» **YOUR OBJECTIVE**
Although the records contain pictures, only their text should be set down, exactly as written.

» **DATA SUPPLIED**
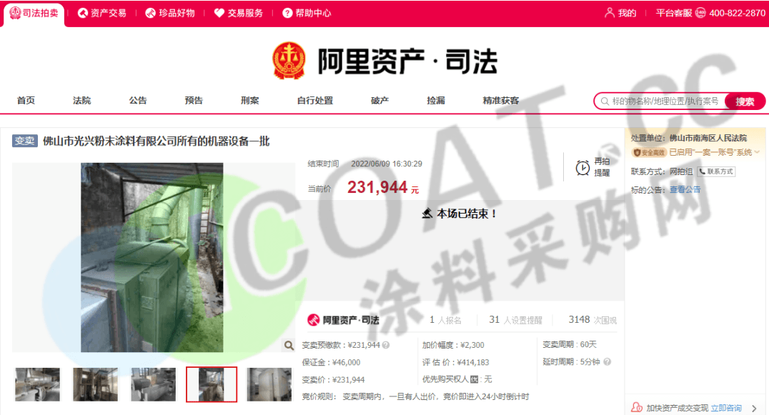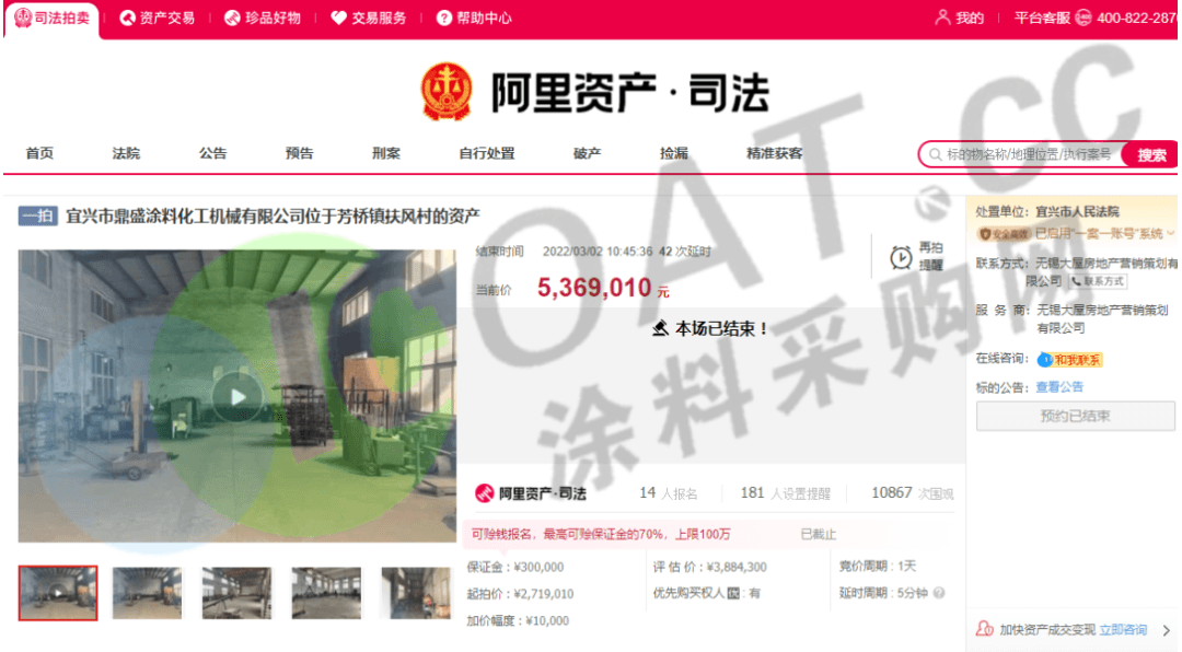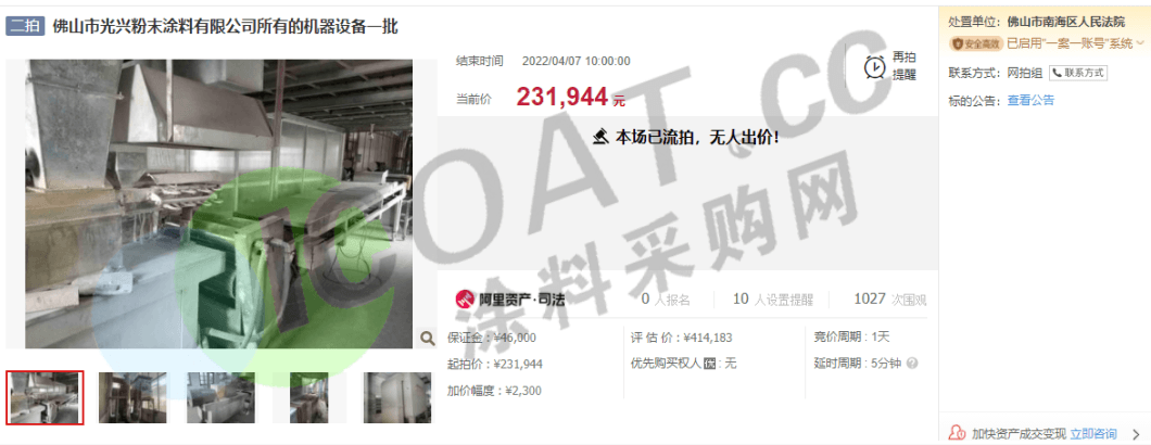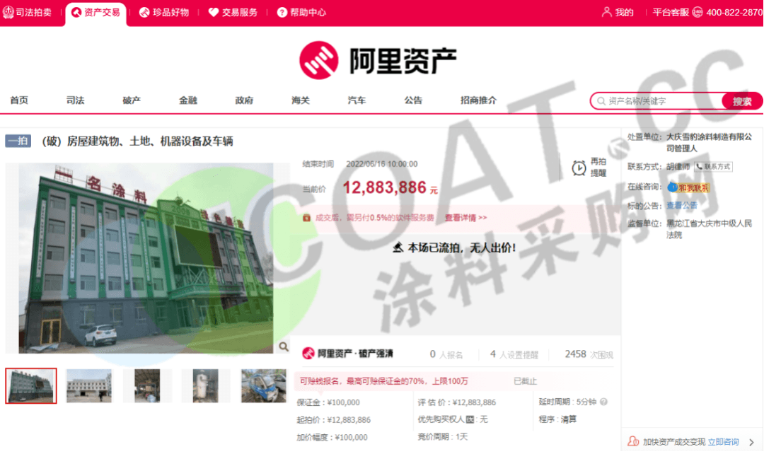 遺憾的是,盡管有2458次圍觀和4人設(shè)置提醒,本場拍賣卻因無人出價而流拍。而據(jù)涂料采購網(wǎng)了解,今年以來,多家涂料企業(yè)走上了司法拍賣之路,設(shè)備、廠房、股權(quán)、資產(chǎn)等都慘遭拍賣。
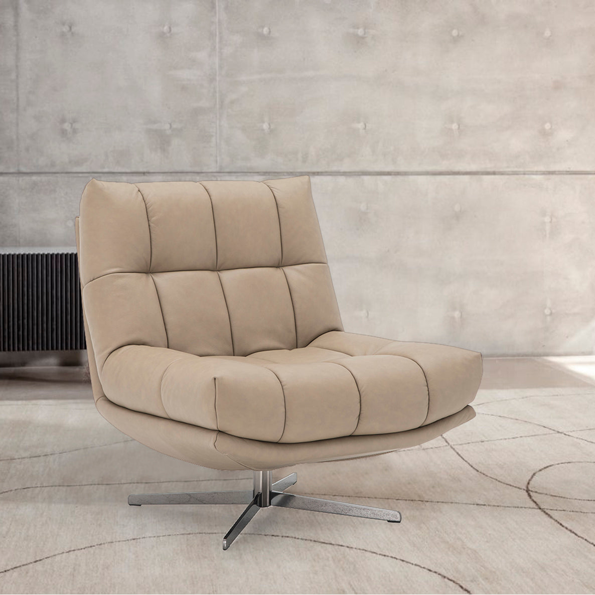 The chair swivels 360 degrees, making it perfect for living rooms and relaxation areas.
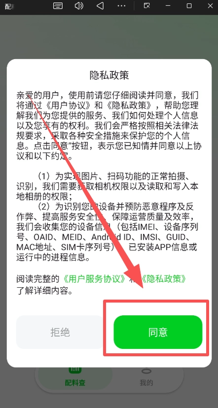 打开应用程序后,首先会弹出《用户协议》与《隐私政策》,必须点击“同意”方可使用。
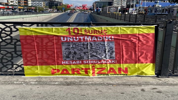 Partizan İstanbul’da Suruç için pankart astığını duyurdu. “10. Yıl Unutmadık! Hesabı Sorulacak! Partizan” imzalı pankart bir üst geçide asıldı.
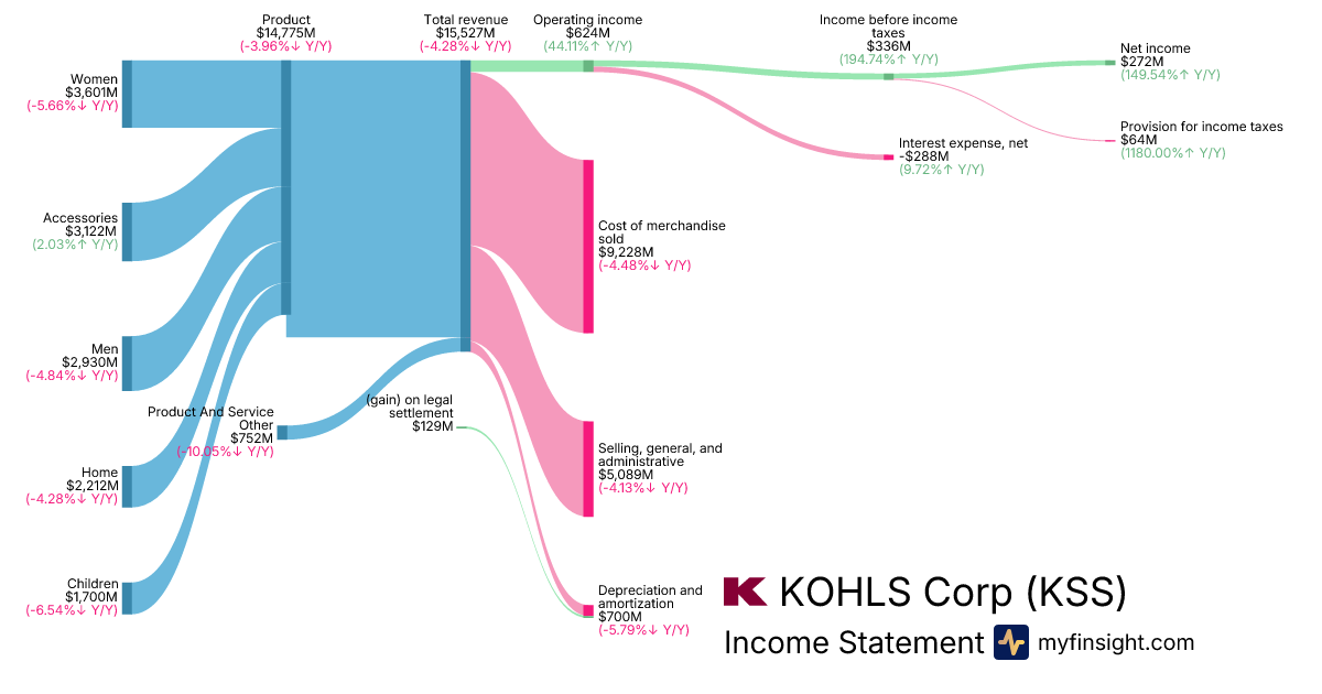 For the year ending 2026-01-31, KSS made $15,527M in revenue. $272M in net income. Net profit margin of 1.75%.

» **RESPONSE AREA**
 遺憾的是,盡管有2458次圍觀和4人設(shè)置提醒,本場拍賣卻因無人出價而流拍。而據(jù)涂料采購網(wǎng)了解,今年以來,多家涂料企業(yè)走上了司法拍賣之路,設(shè)備、廠房、股權(quán)、資產(chǎn)等都慘遭拍賣。
 The chair swivels 360 degrees, making it perfect for living rooms and relaxation areas.
 打开应用程序后,首先会弹出《用户协议》与《隐私政策》,必须点击“同意”方可使用。
 Partizan İstanbul’da Suruç için pankart astığını duyurdu. “10. Yıl Unutmadık! Hesabı Sorulacak! Partizan” imzalı pankart bir üst geçide asıldı.
 For the year ending 2026-01-31, KSS made $15,527M in revenue. $272M in net income. Net profit margin of 1.75%.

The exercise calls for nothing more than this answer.